With omicron, scientists were pretty quick to gauge how it fared against different types of immune defenses by submitting it to lab tests, he notes. However, he says, “we need to get much better, and quicker, at doing it.” He argues that by studying how variants with known sequences act, and using data gathered about them to improve our understanding of how mutations influence viral behavior, we may eventually be able to determine, simply by looking at a new variant’s sequence, whether it’s likely to be more infectious or cause more dangerous symptoms.
At the moment there’s a “giant neon highlighter” on SARS-CoV-2 and covid, says Jeremy Kamil, a virologist based at Louisiana State University Health Shreveport. But everything being done to study the pandemic can also help us understand parasitic diseases like malaria, antimicrobial resistance, disease-causing fungi and molds, and viruses like RSV, a respiratory infection that can be fatal for infants. Surveillance systems for these pathogens could reduce their impact, saving both money and lives.
Predicting the behavior of bacteria from a genetic sequence could be even more complicated than doing so for a virus, says David Aanensen, director of the Global Health Research Unit on Genomic Surveillance of Antimicrobial Resistance, based at the University of Oxford. For one thing, bacteria are much more complex than viruses, and they have more complicated ways of replicating.
Still, the basic idea behind surveillance of bacterial genomes is the same as for viruses, he says—the goal is to identify concerning or drug-resistant variants, map their spread, and use genomic data to help us understand the cat-and-mouse game they play with the drugs we use to fight them.
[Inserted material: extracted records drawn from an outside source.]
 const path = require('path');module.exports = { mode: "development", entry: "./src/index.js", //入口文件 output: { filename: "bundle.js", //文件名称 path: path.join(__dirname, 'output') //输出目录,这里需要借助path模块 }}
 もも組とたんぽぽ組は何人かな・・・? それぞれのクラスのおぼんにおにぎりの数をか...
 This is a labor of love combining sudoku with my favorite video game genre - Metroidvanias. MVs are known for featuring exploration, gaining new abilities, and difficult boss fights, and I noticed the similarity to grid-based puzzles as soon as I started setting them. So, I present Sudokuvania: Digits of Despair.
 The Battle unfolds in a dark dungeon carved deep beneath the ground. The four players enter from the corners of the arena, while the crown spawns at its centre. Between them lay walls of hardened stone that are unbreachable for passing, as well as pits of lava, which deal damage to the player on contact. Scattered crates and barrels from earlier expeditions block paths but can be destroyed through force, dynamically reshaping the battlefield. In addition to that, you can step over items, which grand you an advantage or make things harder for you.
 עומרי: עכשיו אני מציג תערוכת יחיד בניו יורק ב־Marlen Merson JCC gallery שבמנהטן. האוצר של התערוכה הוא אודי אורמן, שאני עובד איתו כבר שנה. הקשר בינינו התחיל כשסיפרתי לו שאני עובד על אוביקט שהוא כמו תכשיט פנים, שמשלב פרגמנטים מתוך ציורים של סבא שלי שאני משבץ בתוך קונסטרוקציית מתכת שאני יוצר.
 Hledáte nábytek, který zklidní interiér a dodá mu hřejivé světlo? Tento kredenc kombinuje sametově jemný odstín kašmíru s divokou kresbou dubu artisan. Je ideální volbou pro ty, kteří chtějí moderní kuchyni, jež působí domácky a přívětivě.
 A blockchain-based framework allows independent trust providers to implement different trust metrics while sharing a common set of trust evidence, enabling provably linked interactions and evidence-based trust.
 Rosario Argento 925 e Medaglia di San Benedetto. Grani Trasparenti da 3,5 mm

Perhaps drug-resistant germs could be spotted early enough to be eliminated before they become endemic. “We almost needed the pandemic to kick-start this work,” Aanensen says.
Today, though, nowhere near enough of it is being done, Kamil says. That’s not because it’s prohibitively expensive, he adds, but because it is held back—in the US at least—by a lack of suitable regulation, a reluctance to share data, and an absence of leadership. “It’s like we are wandering around in the dark,” he says.
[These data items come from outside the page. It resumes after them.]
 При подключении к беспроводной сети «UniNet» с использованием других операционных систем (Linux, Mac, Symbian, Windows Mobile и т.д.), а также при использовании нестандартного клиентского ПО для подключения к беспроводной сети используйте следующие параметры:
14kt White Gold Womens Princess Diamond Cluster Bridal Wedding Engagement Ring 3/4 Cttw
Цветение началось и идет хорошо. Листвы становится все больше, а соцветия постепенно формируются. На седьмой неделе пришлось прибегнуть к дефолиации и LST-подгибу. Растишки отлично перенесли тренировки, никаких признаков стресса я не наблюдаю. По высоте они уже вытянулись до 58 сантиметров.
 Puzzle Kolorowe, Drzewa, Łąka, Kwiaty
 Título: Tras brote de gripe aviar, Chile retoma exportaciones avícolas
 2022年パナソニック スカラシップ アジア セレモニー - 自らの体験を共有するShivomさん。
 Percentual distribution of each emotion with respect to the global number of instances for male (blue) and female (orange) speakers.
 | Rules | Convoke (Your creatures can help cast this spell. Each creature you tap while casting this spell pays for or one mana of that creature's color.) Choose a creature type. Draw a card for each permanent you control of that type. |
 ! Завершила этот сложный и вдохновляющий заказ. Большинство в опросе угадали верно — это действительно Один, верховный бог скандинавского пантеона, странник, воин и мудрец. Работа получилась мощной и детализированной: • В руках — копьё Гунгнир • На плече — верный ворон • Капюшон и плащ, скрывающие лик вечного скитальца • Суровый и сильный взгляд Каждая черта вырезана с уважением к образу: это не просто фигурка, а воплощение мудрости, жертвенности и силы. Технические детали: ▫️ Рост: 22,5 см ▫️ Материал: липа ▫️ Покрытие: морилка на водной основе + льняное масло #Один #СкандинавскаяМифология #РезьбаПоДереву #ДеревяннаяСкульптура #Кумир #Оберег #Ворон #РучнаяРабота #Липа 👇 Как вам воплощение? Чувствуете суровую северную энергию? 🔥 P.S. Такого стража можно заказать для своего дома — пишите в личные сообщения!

Sharon Peacock, in the UK, thinks genomic sequencing should be used to inform vaccine development and rollout for all circulating viruses and harmful bacteria. She says this should be easier to do with all the new infrastructure put in place to deal with covid. She also hopes sequencing technology will move from labs into hospitals, where it could provide real-time data on things like how drug-resistant infections spread. That’s feasible thanks to advances in portable and easy-to-use sequencing machines, and it could improve infection control and patient care.
Even though the technology has become much cheaper, this will be expensive. But Oxford’s Aanensen believes some of the standard laboratory testing done routinely for bacteria like Streptococcus pneumoniae, which can cause pneumonia, meningitis, and sepsis, could be replaced by sequencing, offsetting some of the cost. “There’s a huge investment, but the value is immense,” he says. “You can get on top of and preempt new lineages, and guide the development of new interventions.”
In South Africa, de Oliveira plans to spend the first half of 2022 putting his new lab through its paces. Then he wants to raise $100 million for CERI, half of which he hopes will fund sequencing for research projects—anywhere in the world—that would not be able to afford it otherwise. Research that promises an immediate impact on health and policy will take precedence, he says.
“What we do well in South Africa, perhaps better than anywhere else in the world, is nonlinear sequencing. Things that have an impact on public health should always be sequenced first,” he says. And he’s optimistic that the momentum built up around sequencing will last well beyond the pandemic.
Correction: An earlier version of this article misstated Jeremy Kamil’s affiliation and title.